Review Summary: It's UneXpect, on all cylinders, full-bore, hatef*cking thine ears into the Devils Circus.
If you're the type of person who enjoys simple hooks, pop-crafted songwriting, and familiar composition structure, and (most of all)
subtlety, then move your mouse to the X button in the top corner and close this window. UneXpect is not your cup of tea and probably never will be.
Making their name in the underground metal and avant-garde scene by being completely f
ucking insane, UneXpect is such a huge mish-mash of musical stylings and approaches that to describe what they do can be as mind-scrambling as the music itself. It's the Devil's Calliope, all the pomp and bombast of a Broadway production, the vileness and intensity of black metal, progressive song structures, the rapid-fire changes of grindcore, and all the glory and operatics you would expect from an act that sees pretentiousness as a watermark of effort as opposed to something that should be avoided.
With
Fables of the Sleepless Empire, UneXpect have taken their insanity and molded into a aurally streamlined killer (with little filler), complete with all of the dark circus feel, eastern European tinges and blast-furnace metal hammerstrikes that have become their trademark. The difference here, and especially from their previous effort
In a Flesh Aquarium, is that the music has been cut lean and seared smooth, and while it makes small tiptoes to more accessible structuring, the result is simply just a more enjoyable album on first listen.

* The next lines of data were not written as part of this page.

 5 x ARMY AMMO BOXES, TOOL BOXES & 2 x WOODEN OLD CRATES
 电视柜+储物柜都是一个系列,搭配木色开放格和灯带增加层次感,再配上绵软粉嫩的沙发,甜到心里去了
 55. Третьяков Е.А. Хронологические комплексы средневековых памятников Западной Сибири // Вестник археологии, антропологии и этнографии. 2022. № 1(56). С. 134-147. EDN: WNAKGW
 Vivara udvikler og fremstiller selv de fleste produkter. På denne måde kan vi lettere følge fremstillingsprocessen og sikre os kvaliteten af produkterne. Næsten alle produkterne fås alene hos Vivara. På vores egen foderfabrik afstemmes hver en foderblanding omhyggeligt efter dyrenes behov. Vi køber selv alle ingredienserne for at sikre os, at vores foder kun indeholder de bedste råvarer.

The music is just as dense as it ever was, and with repeated listens unfurls into a remarkable piece of work. It's not an easy listen,
still, but there are more immediate fist-pumping sections and hooks here than ever before.

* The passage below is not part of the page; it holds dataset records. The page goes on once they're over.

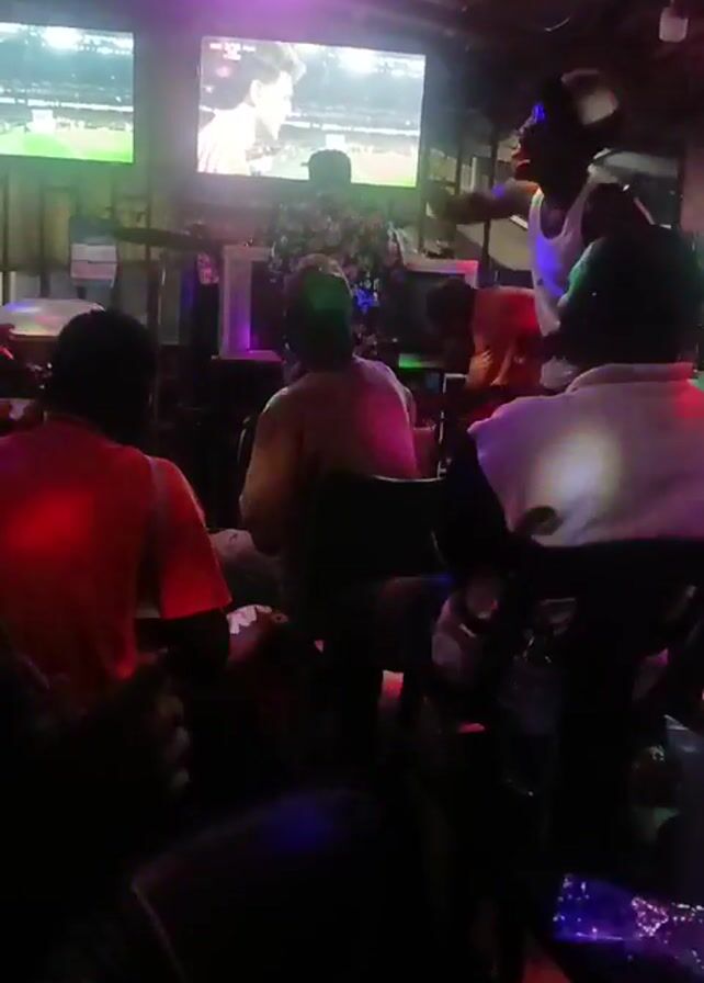 group of people in a dimly lit bar, watching sports on two large televisions mounted above the bar. The lighting is a combination of colored lights (red, blue, pink, and green) that create a vibrant but dark atmosphere. Most of the individuals are seated on chairs and stools, facing the televisions. One man, wearing a white tank top and a hat, is standing and moving, possibly dancing or reacting to the game. Other people are visible only from the back and sides. The environment appears lively, with sounds of music or commentary mixing in the background. The overall setting suggests a social gathering to watch a sporting event in a casual bar.
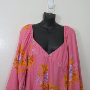 Free People size XL Francesca Mini Dress Ballon Sleeve V Neck Floral Boho NEW
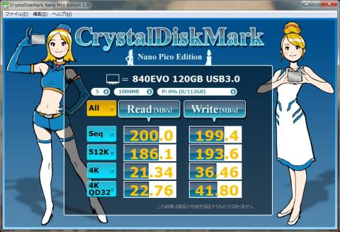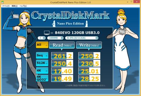 こちらのSSDを使って、CristalDiskMarkを走らせてみました。

The music employed here is less of a typical band arrangement and more of a small-scale orchestral construction. There are very few times that all instruments are blaring all at once, allowing the strings to accentuate the more morose and delicate parts, the synth to come in and give a more dark atmosphere or even ragtime feel to things. The rhythm section is the only really permanent music being pumped out, with playtime on the disc at around ninety percent, and the basslines and drum work here is absolutely mind boggling. I don't even want to go into detail, because I'll be here all day. It's astoundingly good, and almost worth the price of admission alone. No matter the instrument, however, the music twists and contorts on itself, opposing time signatures and scales, guitars stretched past the breaking point and twinkling interludes create a blizzard of glimmering notes that quickly give way to curb-stomping grooves. Ghostly female vocals and screeching male vocals accentuate every alcove and corner and are as dynamic and completely fitting as anything else here.

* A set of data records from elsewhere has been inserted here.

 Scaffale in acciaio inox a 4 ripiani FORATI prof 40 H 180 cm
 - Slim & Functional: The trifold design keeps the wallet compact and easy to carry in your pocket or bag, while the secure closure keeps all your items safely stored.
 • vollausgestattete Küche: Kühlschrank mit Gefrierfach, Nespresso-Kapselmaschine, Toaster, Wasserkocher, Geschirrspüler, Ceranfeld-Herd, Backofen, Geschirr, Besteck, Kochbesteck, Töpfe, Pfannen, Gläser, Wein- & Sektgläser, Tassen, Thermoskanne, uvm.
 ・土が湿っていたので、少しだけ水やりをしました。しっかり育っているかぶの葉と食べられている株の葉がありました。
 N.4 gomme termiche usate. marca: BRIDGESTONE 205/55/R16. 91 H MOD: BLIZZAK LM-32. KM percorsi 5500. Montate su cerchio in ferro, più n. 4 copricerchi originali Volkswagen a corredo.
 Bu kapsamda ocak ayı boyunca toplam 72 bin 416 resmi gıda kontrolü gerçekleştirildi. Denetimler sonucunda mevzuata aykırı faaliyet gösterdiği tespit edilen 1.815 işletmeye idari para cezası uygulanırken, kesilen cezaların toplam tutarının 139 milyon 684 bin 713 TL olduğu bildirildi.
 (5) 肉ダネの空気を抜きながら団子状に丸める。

The first six tracks are among the best (Arguably
the best) the band has ever produced in their career, but it's the last five tracks that end up being hit or miss. Both of the ambient tracks ("In the Mind of the Last Whale" and "A Fading Stance") could have been reduced in time, absorbed into a song in a truncated state, or gotten rid of altogether. I never got the sonic break or feeling of dread that I believe these were intended for. The last three "real" songs on the disc are good, very good in fact, but just don't hold up to the intensity, creativity, or massive scope of the first six. The album ends up being front-loaded as a result.
However, these small misgivings can be forgiven when the small shadows these missteps cast are blasted away by the power of tracks like "The Unfed Pendulum" and "Unsolved Ideas of a Distorted Guest", a pair of giants that stand tall in an album full of giants. These two tracks are amazing, and worth checking out (almost worth buying the album for) alone. The five year gap between releases for UneXpect makes sense when taking into account the complexity, density, tightness, and fully-fleshed out results. This is an avant-garde album that truly shines amongst other avant peers (Ephel Duath, Rope) as both incredibly twisted and somehow welcoming at the same time. A train wreck, rubbernecking on the highway, or gore-porn horror movies share similar characteristics, only this time nobody gets hurt.
Absolutely incredible. Highly, highly recommended.